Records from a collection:
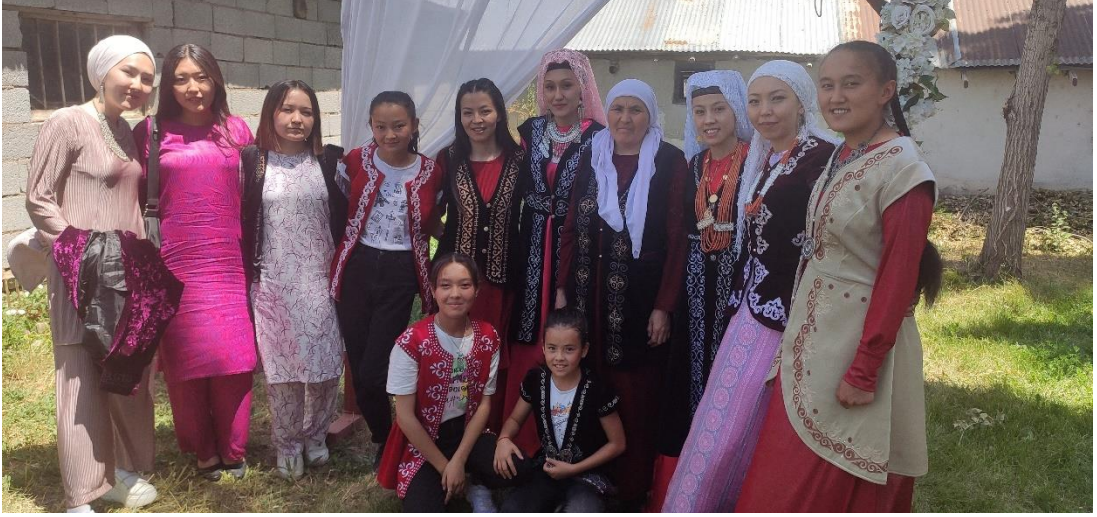
Şekil 13: Boydan elbise ve mesket giyen farklı yaşlardaki kadınlar
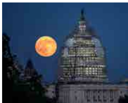
Superluna para ver Página 8
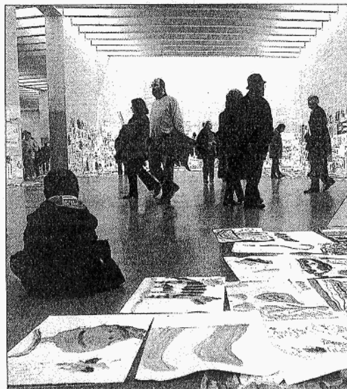
Los visitantes recorren el museo en una imagen de archivo.

renacentista en Valladolid. El Domus Artium 2002 en Salamanca tiene el marco más moderno: una reformada prisión. El Centro de Arte Caja de Burgos combina una colección permanente de 300 piezas con exhibiciones especiales».
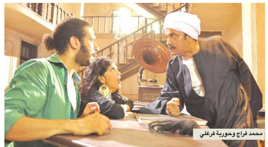
محمد فراج وحورية فرغلي

يرى الناقد طارق الشناوي أن طبيعة المجتمع تغيرت وأصبح استخدام الألفاظ القبيحة أمراً عادياً في الحياة اليومية وعلى مواقع التواصل الاجتماعي، وبالتالي نقلت السينما الواقع بسليبيته، وقد سبقتها الدراما التلفزيونية في ذلك للأسف. يضيف: «لا مبرر درامياً للإفراط في هذه الألفاظ ولا توجد قصة من الأساس، إنما استخدام هو الهدف يحد ذاته، ثم طبيعة المشاهد تغيرت وتعبير غالبيتها عن شريحة تستخدم هذه الألفاظ بشكل طبيعي وترغب في سماعها، فليس صانعو هذه الأفلام رغبة الجمهور». وعن تغاضي الرقابة عن مثل هذه الألفاظ يوضح الشناوي أن سقف الممنوعات ارتفع نتيجة تغير المجتمع
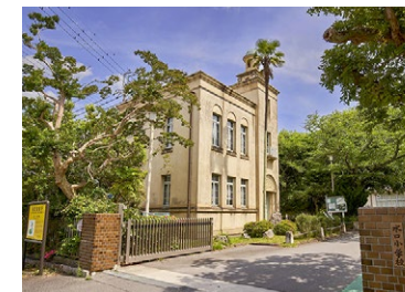
甲賀市立 水口小学校
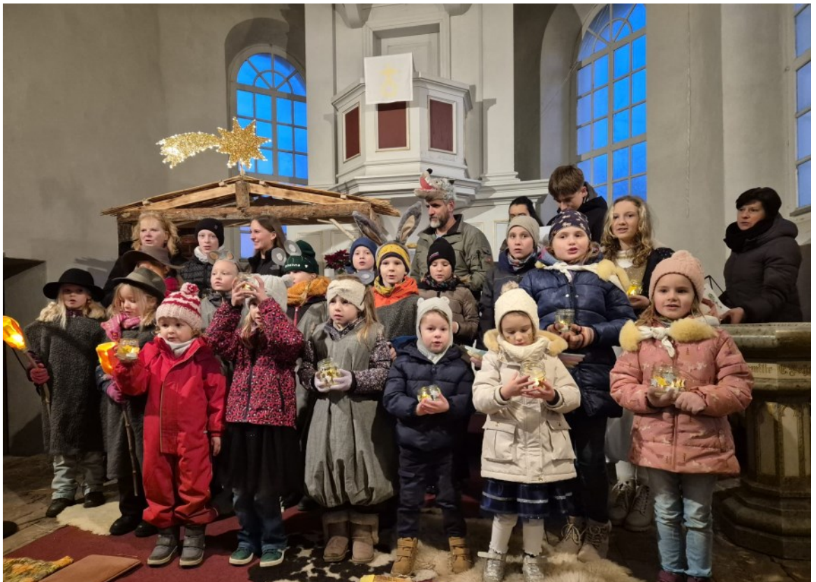
Krippenspiel in Sorno
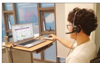
CU 온라인 창업설명회 개최 /BGF리테일

CU 창업설명회는 이전까지 본사에서 1대 다수의 대면 방식으로 진행됐지만 코로나19 확산 이후 생활방역 지침에 따라 잠정 중단된 상태였다. 전화상담 등으로 대체했지만 지속적인 창업 문의가 들어오면서 이달부터 온라인을 통한 창업설명회를 개최하게 된 것이다. CU에 접수된 창업 문의는 2분기
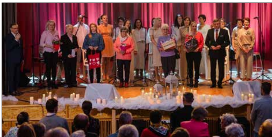
Losowanie upominków wśród Pań obecnych na sali było miłym akcentem wydarzenia

-- TASK GOAL --
Your response must consist of the lines from the beginning of the data through the line containing "CU 온라인 창업설명회 개최 /BGF리테일", transcribed exactly, with no pictures.

-- RESPONSE FOR THIS EXERCISE --
Şekil 13: Boydan elbise ve mesket giyen farklı yaşlardaki kadınlar
Superluna para ver Página 8
Los visitantes recorren el museo en una imagen de archivo.

renacentista en Valladolid. El Domus Artium 2002 en Salamanca tiene el marco más moderno: una reformada prisión. El Centro de Arte Caja de Burgos combina una colección permanente de 300 piezas con exhibiciones especiales».
محمد فراج وحورية فرغلي

يرى الناقد طارق الشناوي أن طبيعة المجتمع تغيرت وأصبح استخدام الألفاظ القبيحة أمراً عادياً في الحياة اليومية وعلى مواقع التواصل الاجتماعي، وبالتالي نقلت السينما الواقع بسليبيته، وقد سبقتها الدراما التلفزيونية في ذلك للأسف. يضيف: «لا مبرر درامياً للإفراط في هذه الألفاظ ولا توجد قصة من الأساس، إنما استخدام هو الهدف يحد ذاته، ثم طبيعة المشاهد تغيرت وتعبير غالبيتها عن شريحة تستخدم هذه الألفاظ بشكل طبيعي وترغب في سماعها، فليس صانعو هذه الأفلام رغبة الجمهور». وعن تغاضي الرقابة عن مثل هذه الألفاظ يوضح الشناوي أن سقف الممنوعات ارتفع نتيجة تغير المجتمع
甲賀市立 水口小学校
Krippenspiel in Sorno
CU 온라인 창업설명회 개최 /BGF리테일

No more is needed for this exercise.